Las aventuras de un holandés en Mendoza
Lo que era un viaje de aventura para conocer nuestro país, terminó cambiando la vida para Roon ("se pronuncia Roon, no run, estirando la "o" un poco"-, aclara). A Mendoza llegó en marzo de 2009, conoció a su esposa, Cecilia Albino (hija del doctor Abel Albino), y se instaló, tras algunas idas y vueltas en noviembre del 09. “Ahí cambió el camino de la vida”, confesó.

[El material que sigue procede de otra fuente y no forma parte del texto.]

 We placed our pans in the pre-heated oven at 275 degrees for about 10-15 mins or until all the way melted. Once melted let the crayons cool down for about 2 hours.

"Tenía el manejo de una compañía familiar, y en 2008 la vendimos. Comencé a viajar y tenía pendiente un viaje con un primo que había estudiado en Buenos Aires en 2004, y cinco años después tenía un encuentro con esos amigos en Argentina, y escuchando el plan de viajes, le dije ¡te acompaño!", relató Van Rhee sobre el principio de su viaje a nuestra tierra.

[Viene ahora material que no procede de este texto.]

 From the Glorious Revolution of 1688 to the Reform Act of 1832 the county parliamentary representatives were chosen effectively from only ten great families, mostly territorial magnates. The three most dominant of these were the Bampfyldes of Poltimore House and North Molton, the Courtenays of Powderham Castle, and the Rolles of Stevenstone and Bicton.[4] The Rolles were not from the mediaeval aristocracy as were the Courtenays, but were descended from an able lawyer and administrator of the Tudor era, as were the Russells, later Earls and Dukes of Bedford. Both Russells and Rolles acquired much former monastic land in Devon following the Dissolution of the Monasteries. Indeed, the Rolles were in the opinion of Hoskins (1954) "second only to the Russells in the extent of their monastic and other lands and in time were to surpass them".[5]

"Habíamos programado ir a un Boca-River, a las Cataratas de Iguazú, y mi primo se quedaba tres o cuatro días. Yo quería conocer un poco más, y él me puso en contacto con una amiga que tenía una agencia de viajes, y ella me armó el viaje por todo el país, y esa chica era amiga de Cecilia. Me dijo que cuando llegara a Mendoza viera a una chica que trabajaba en una bodega, y allí nos conocimos, y nos “flasheamos” con Cecilia", agregó el rubio holandés.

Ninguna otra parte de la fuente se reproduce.